START LISTED ENTRIES
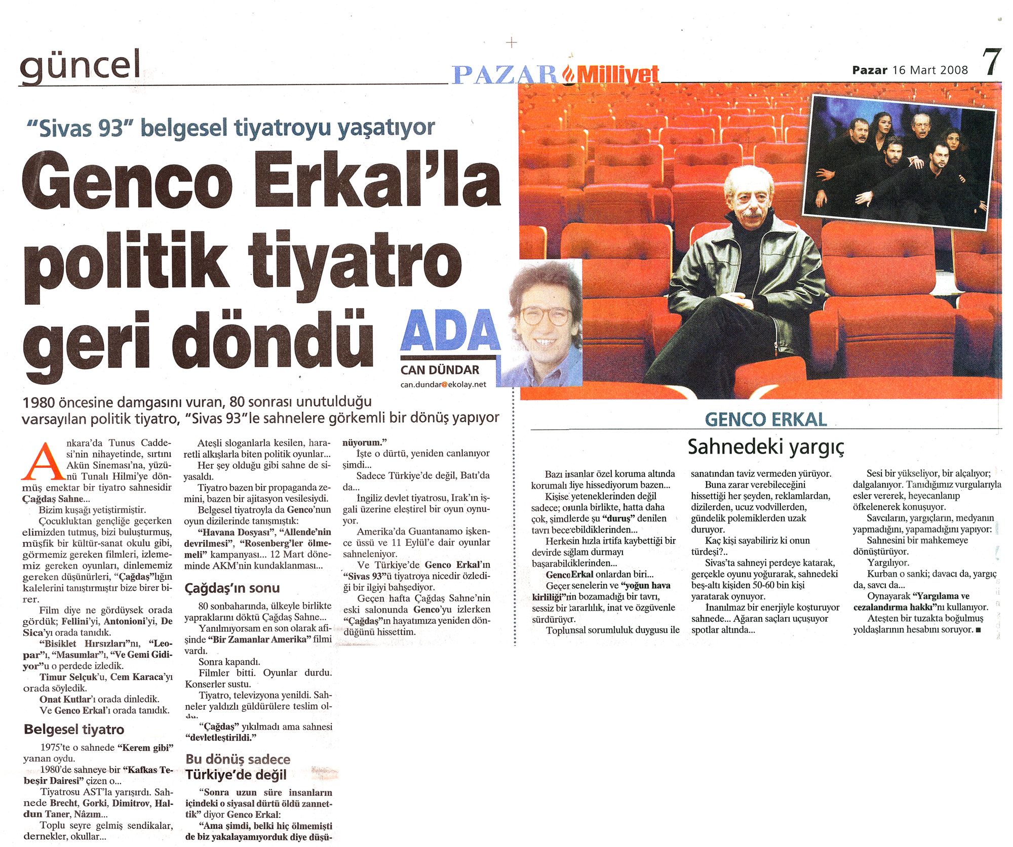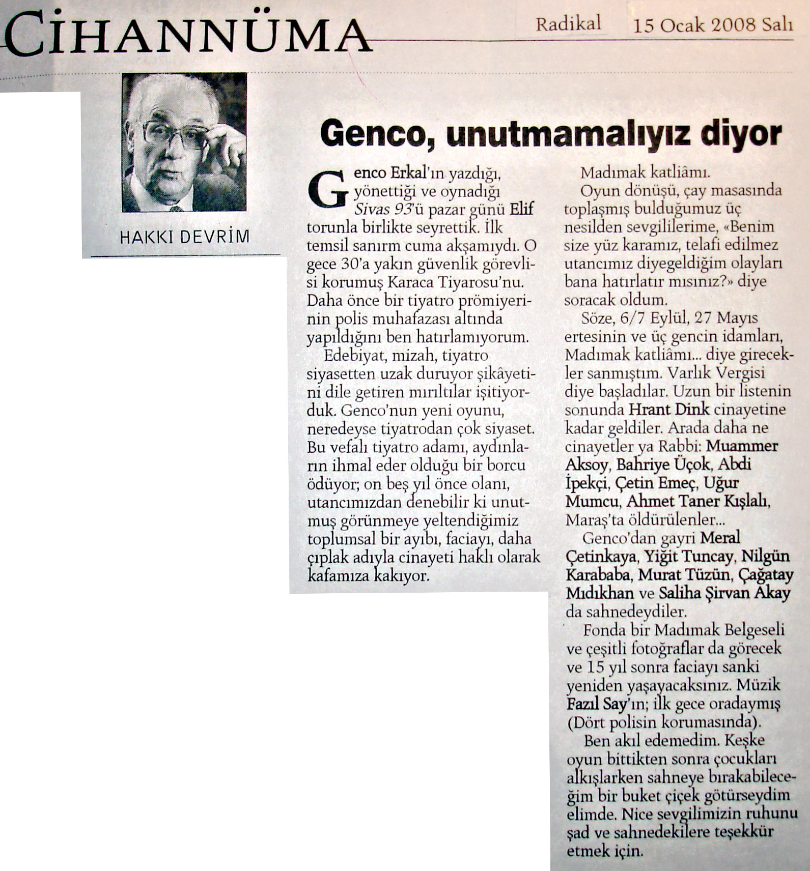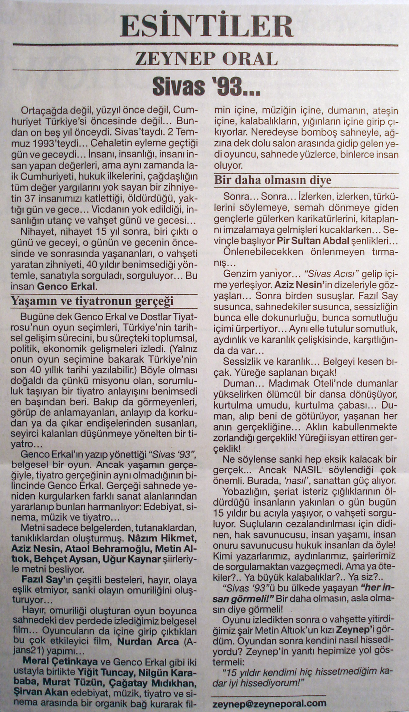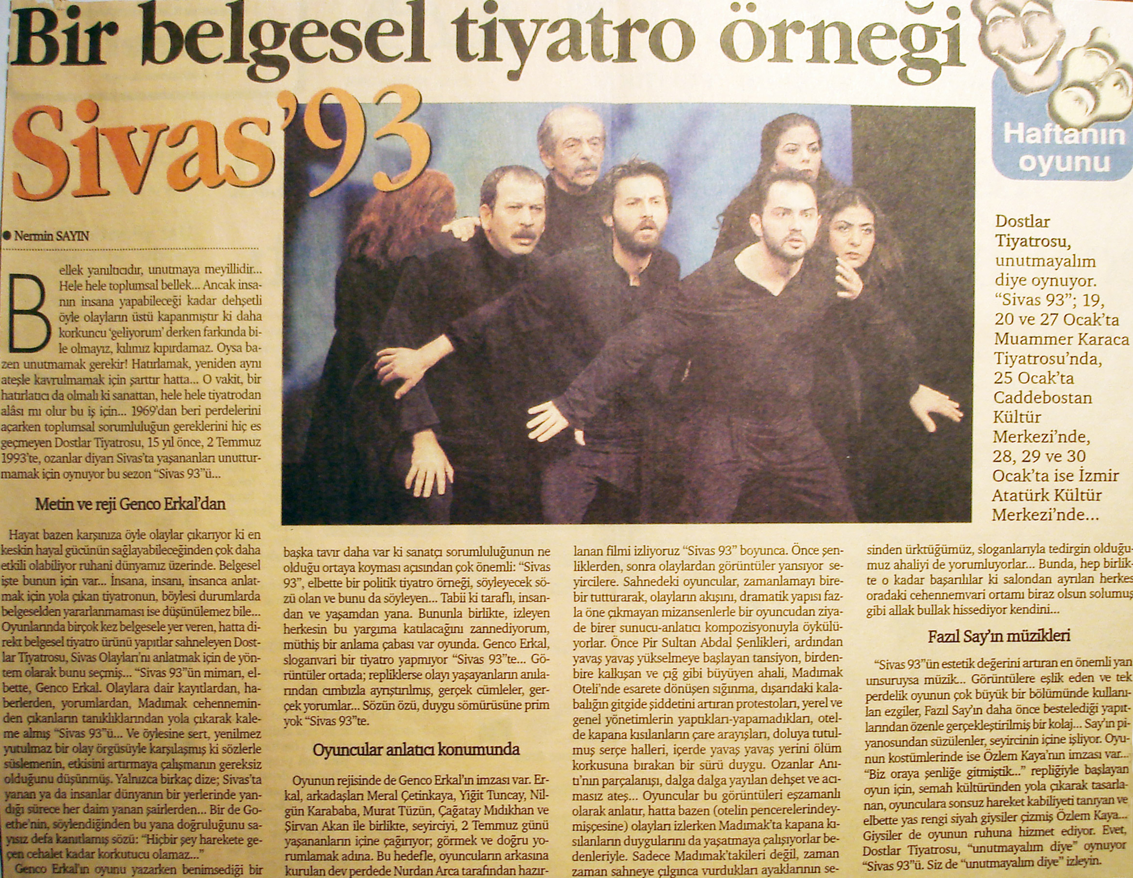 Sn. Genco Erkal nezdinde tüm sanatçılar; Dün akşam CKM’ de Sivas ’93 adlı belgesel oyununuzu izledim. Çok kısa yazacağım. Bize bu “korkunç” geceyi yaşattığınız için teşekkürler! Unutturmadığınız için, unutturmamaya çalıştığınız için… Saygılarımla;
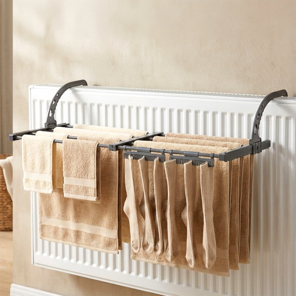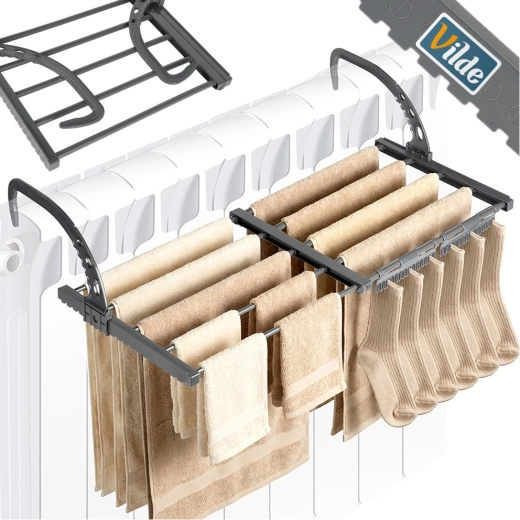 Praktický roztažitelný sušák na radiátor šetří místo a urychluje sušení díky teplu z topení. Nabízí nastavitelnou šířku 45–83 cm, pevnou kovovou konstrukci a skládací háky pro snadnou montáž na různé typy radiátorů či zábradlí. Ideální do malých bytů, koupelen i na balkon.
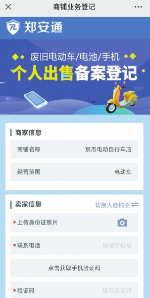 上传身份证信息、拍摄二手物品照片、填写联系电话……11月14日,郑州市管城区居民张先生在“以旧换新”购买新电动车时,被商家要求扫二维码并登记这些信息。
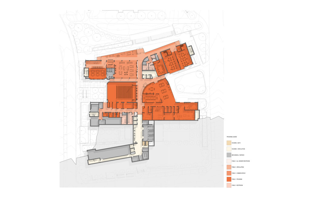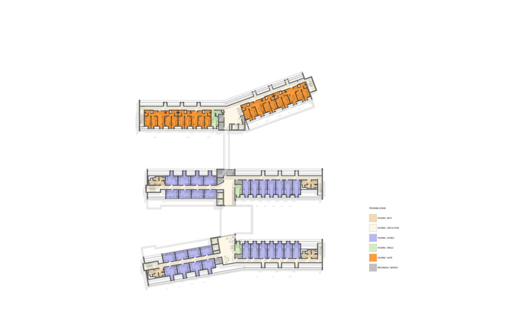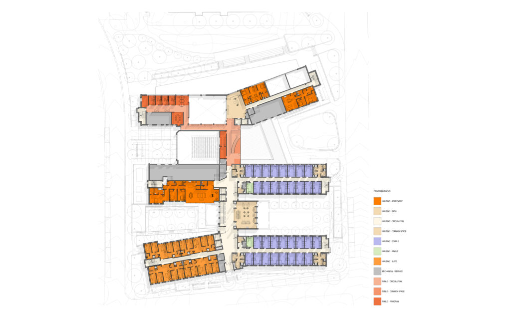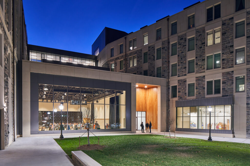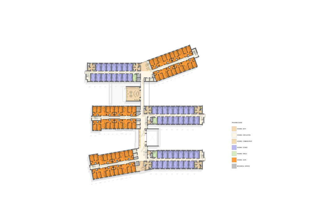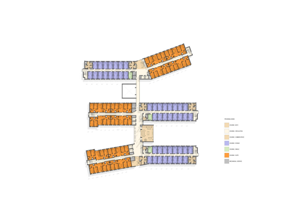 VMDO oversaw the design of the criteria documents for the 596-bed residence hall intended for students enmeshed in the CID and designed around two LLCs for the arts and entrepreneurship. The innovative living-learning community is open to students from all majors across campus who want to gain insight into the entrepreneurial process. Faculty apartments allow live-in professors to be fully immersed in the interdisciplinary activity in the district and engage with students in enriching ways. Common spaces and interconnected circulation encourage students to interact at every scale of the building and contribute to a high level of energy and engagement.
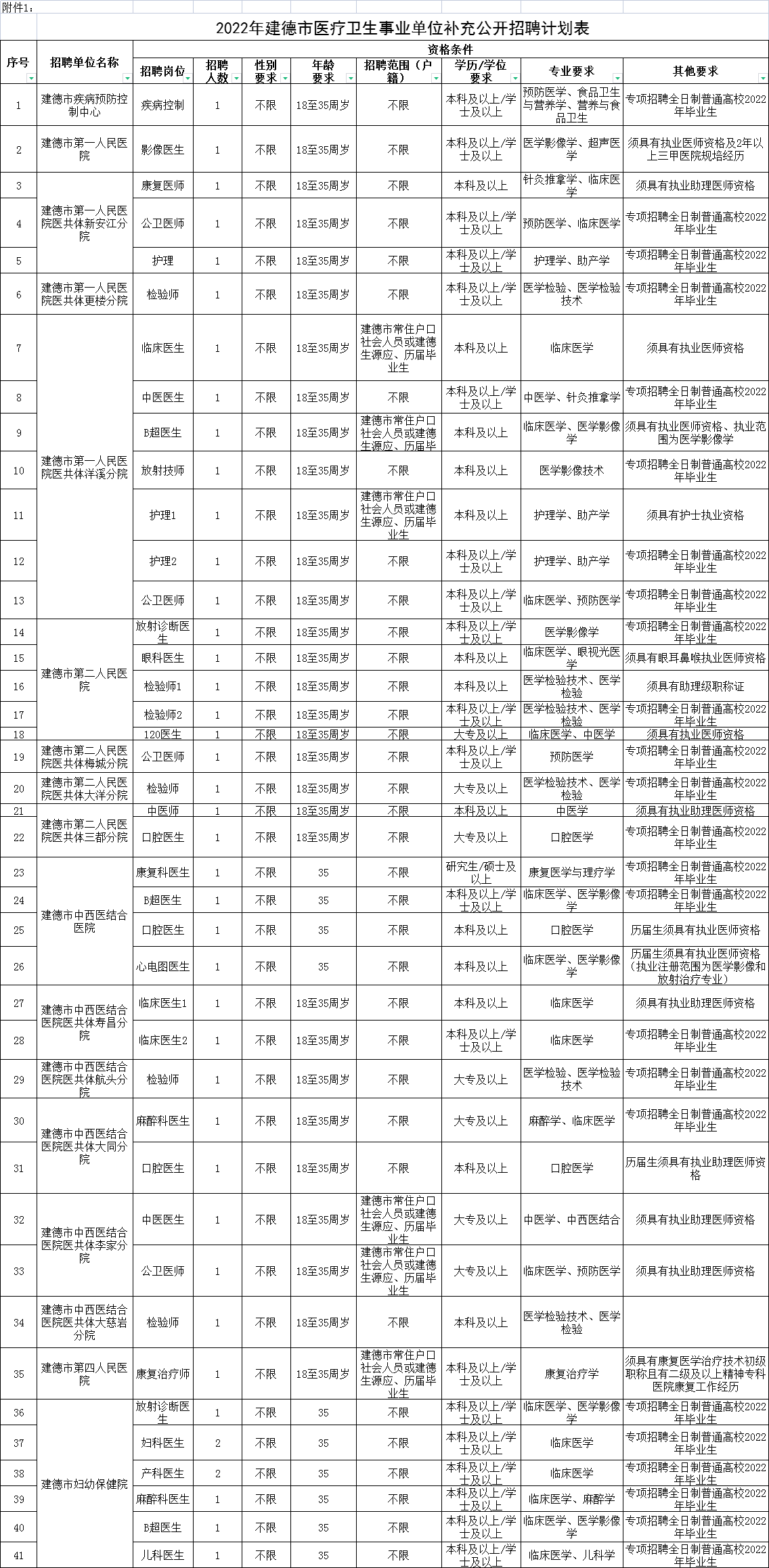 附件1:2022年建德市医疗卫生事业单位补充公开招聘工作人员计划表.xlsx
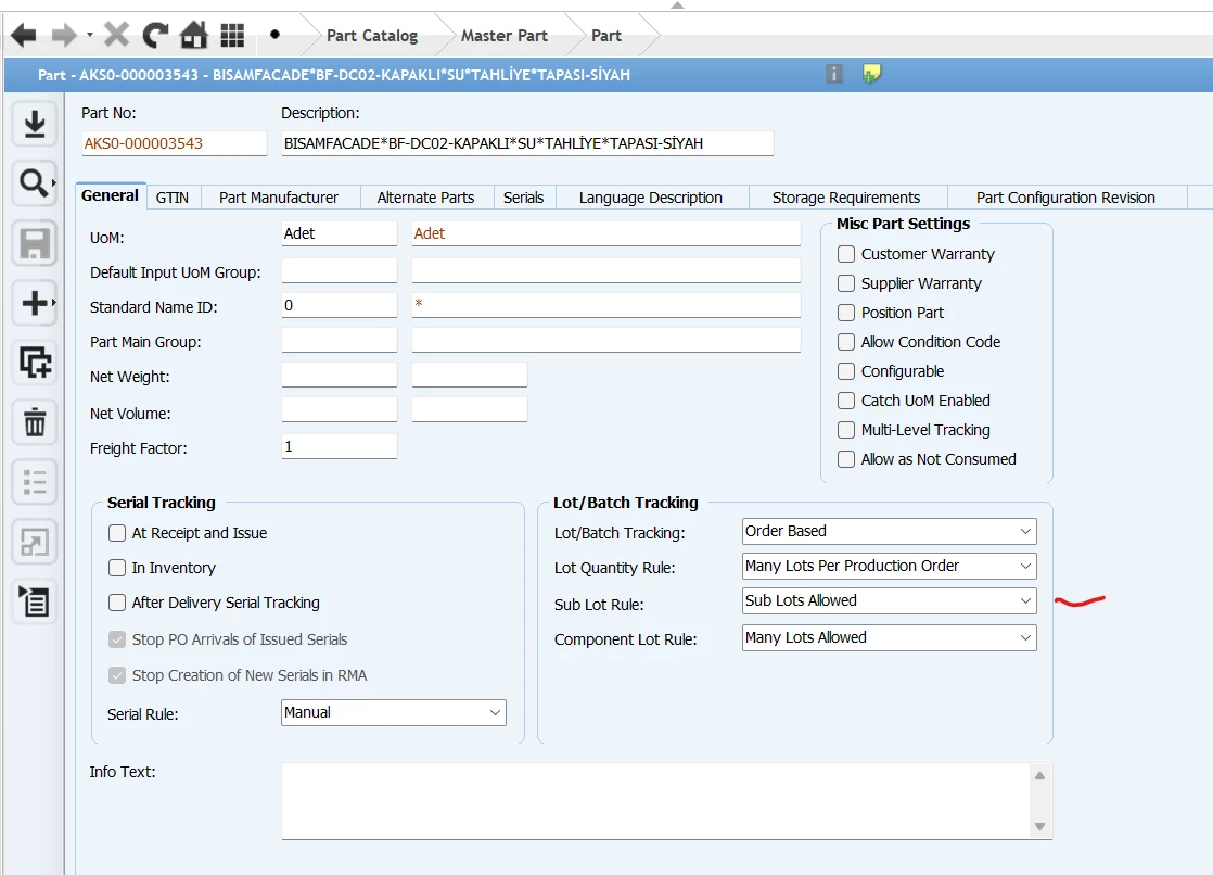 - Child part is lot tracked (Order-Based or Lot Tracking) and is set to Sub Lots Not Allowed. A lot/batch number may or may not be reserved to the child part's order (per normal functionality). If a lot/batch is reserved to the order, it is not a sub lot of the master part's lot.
END LISTED ENTRIES
EXERCISE DESCRIPTION
Excluding the pictures, write out exactly the lines from the line that contains "附件1:2022年建德市医疗卫生事业单位补充公开招聘工作人员计划表.xlsx" through the end of the records.

RESPONSE TO THE EXERCISE
 附件1:2022年建德市医疗卫生事业单位补充公开招聘工作人员计划表.xlsx
 - Child part is lot tracked (Order-Based or Lot Tracking) and is set to Sub Lots Not Allowed. A lot/batch number may or may not be reserved to the child part's order (per normal functionality). If a lot/batch is reserved to the order, it is not a sub lot of the master part's lot.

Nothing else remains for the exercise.